Note You need to log in before you can comment on or make changes to this bug.
Description Einstok Fair 2020-01-16 22:13:00 UTC
[ebuild  N     ] net-proxy/http-replicator-4.0_alpha2-r7::gentoo  PYTHON_TARGETS="python2_7" 27 KiB

python 2.7 is not supported anymore, end of life was 2020-01-01, see here:
https://devguide.python.org/#status-of-python-branches
Comment 1 Michał Górny archtester Gentoo Infrastructure gentoo-dev Security 2020-02-13 09:31:43 UTC
Last Update: 2013-12-29

I wouldn't hold my hopes high.
Comment 2 Michał Górny archtester Gentoo Infrastructure gentoo-dev Security 2020-02-13 09:32:13 UTC
...and last release in 2008.
Comment 3 Larry the Git Cow gentoo-dev 2020-02-17 08:45:06 UTC
The bug has been referenced in the following commit(s):

https://gitweb.gentoo.org/repo/gentoo.git/commit/?id=70f507bf53a1cfecc98a23f94e81173a3d964c60

commit 70f507bf53a1cfecc98a23f94e81173a3d964c60
Author:     Michał Górny <mgorny@gentoo.org>
AuthorDate: 2020-02-17 08:37:30 +0000
Commit:     Michał Górny <mgorny@gentoo.org>
CommitDate: 2020-02-17 08:37:30 +0000

    package.mask: Last rite net-proxy/http-replicator
    
    Bug: https://bugs.gentoo.org/705606
    Signed-off-by: Michał Górny <mgorny@gentoo.org>

 profiles/package.mask | 6 ++++++
 1 file changed, 6 insertions(+)
Comment 4 PetaMem R&D 2020-02-27 17:51:30 UTC
I'd consider it quite a good practice if a replacement was mentioned before removal.

http-replicator-3.0-r8 serves us well here in an internal network (on a Gentoo-VM acting as local mirror for other Gentoo VMs) and I think it has spared the official Gentoo mirrors quite some traffic.

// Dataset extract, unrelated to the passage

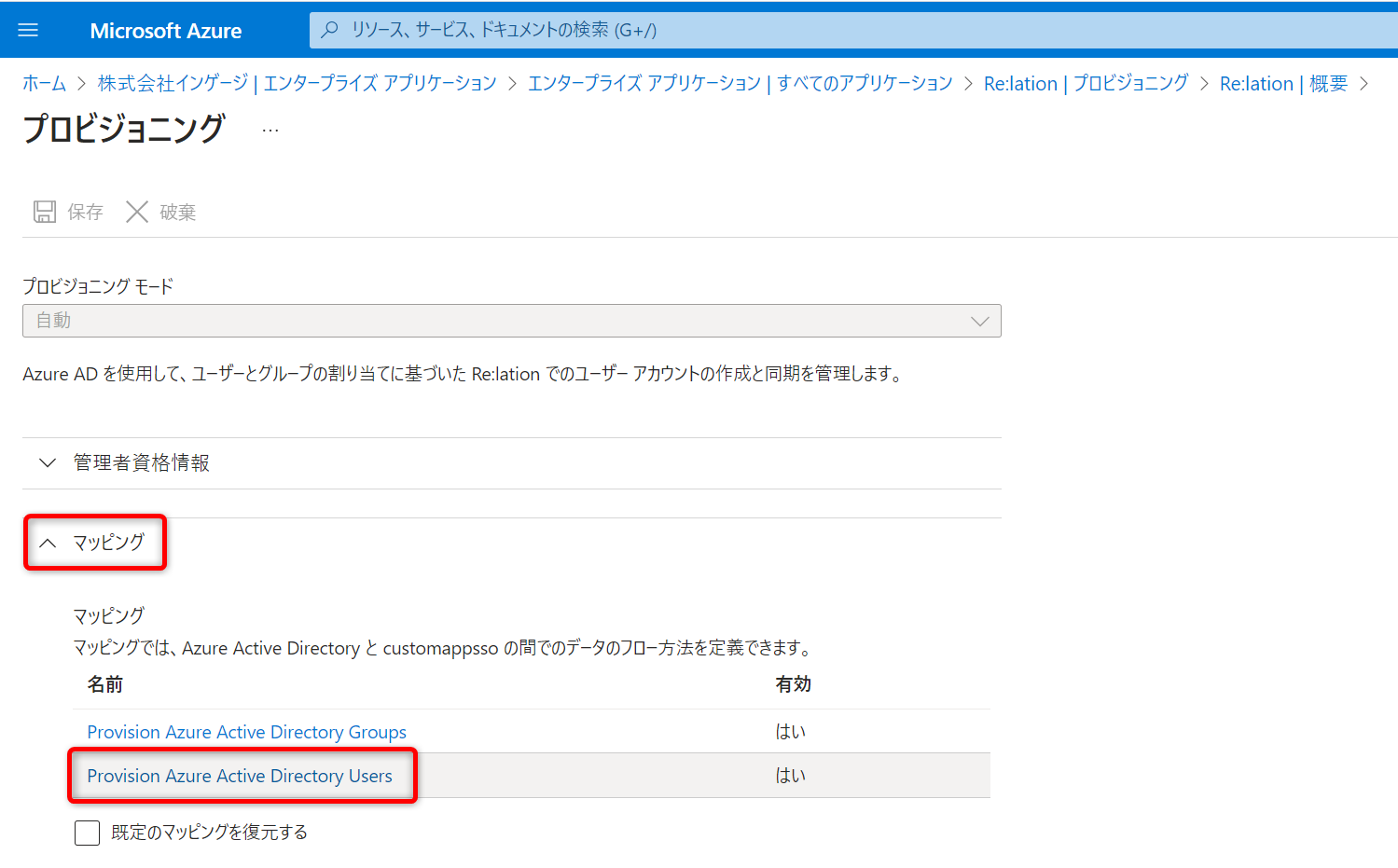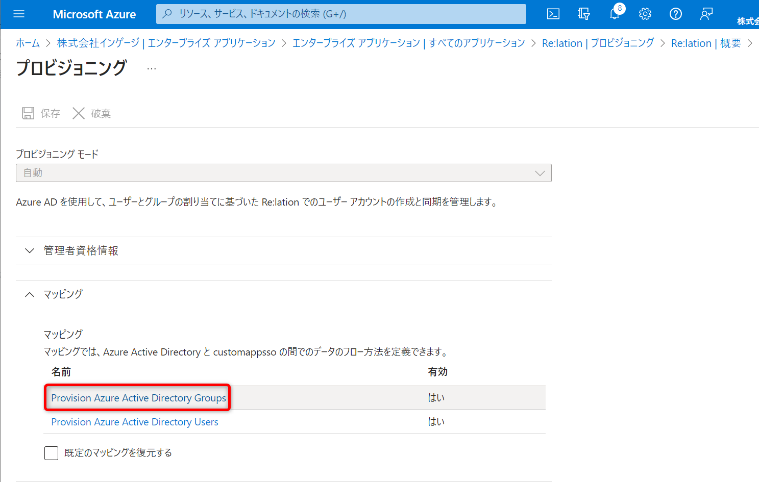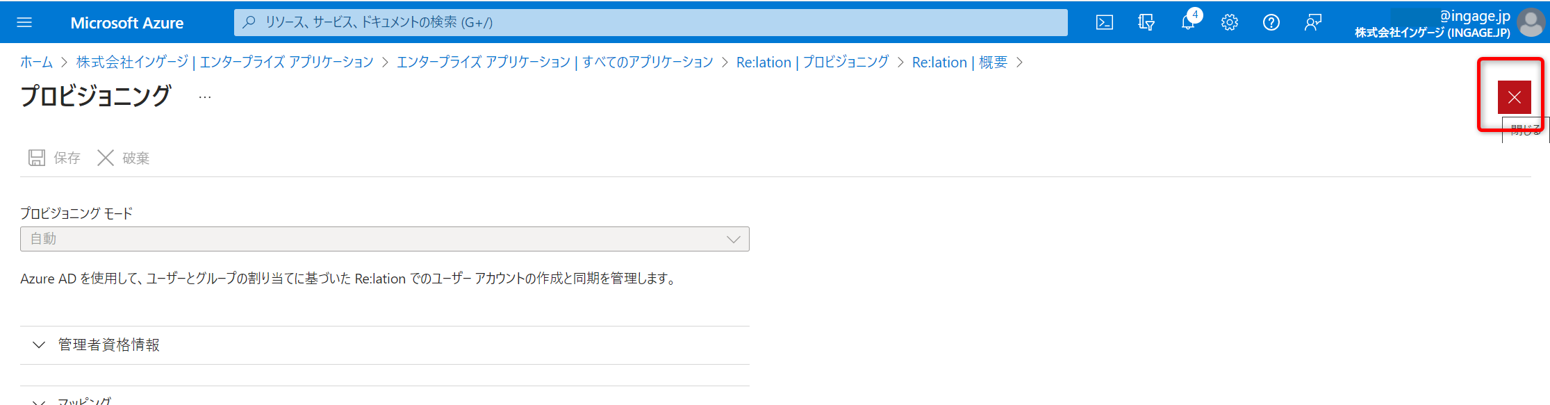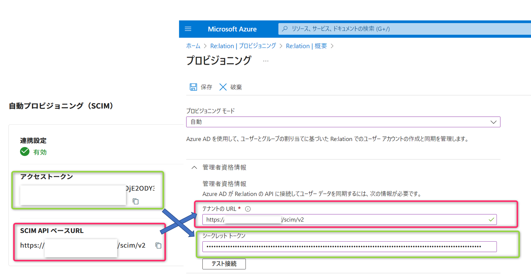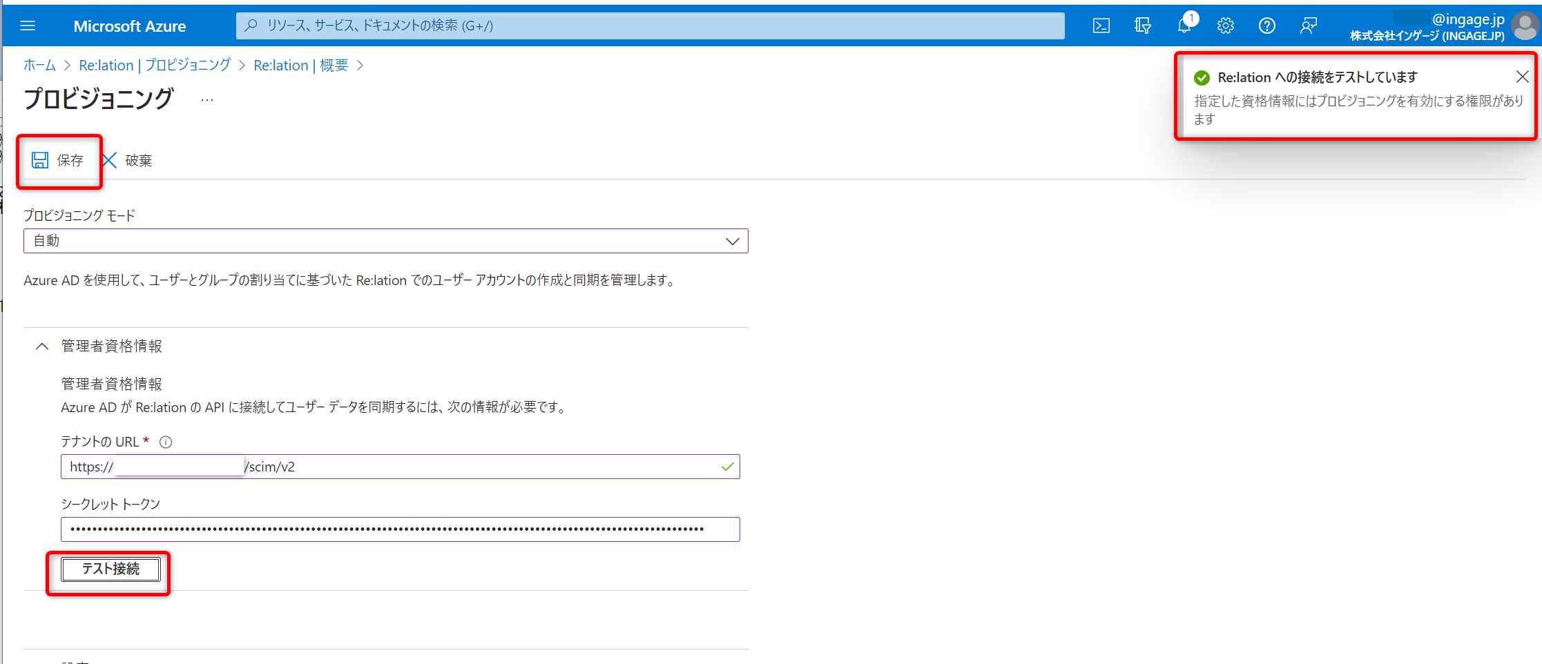 ここで表示されている「アクセストークン」と「SCIM APIベースURL」をAzure ADに入力するため、どこかに控えておきます。Azure ADでプロビジョニング(SCIM)を設定するAzure ADに作成済みのRe:lationのアプリに、プロビショニングを設定します。

It's understandable if unmaintained old cruft gets removed, but if there is no equivalent replacement (or such isn't mentioned), old cruft is still better than nothing.
Comment 5 Matthew Ogilvie 2020-02-28 05:54:16 UTC
FYI: Links to more information:

I updated a months-old post about several aspects of http-replicator:
https://forums.gentoo.org/viewtopic-t-1101822-highlight-httpreplicator.html
(It now describes how I suspect that repcacheman is likely to stop
working before http-replicator itself, in addition to a lot of other
pre-existing information.)

There is a current discussion about alternatives in:
https://forums.gentoo.org/viewtopic-t-1097768-highlight-httpreplicator.html
(But I haven't seen any ideas I like.)

The original announcement and discussion thread from when http-replicator
was first added to the tree is still somewhat relevant, although it is
very long:
https://forums.gentoo.org/viewtopic-t-173226.html
Comment 6 xedakini 2020-03-03 07:32:35 UTC
0) it appears that the metadata for net-proxy/http-replicator is out of date: it shows the homepage as being sourceforge.net, but it appears that https://github.com/gertjanvanzwieten/replicator is newer
1) that doesn't help though, as the github repository is also quite old (most recent commit in 2013)


I've created a fork at https://github.com/xedakini/replicator .  I will attempt to migrate the code to Python 3, and see how many Gentoo bugs for http-replicator I can address.  I will also plan on converting repcacheman to Python 3.

I'm not sure how long-term I can commit to maintaining this fork of http-replicator, but if my plan is successful then perhaps it can at least have a bit of reprieve.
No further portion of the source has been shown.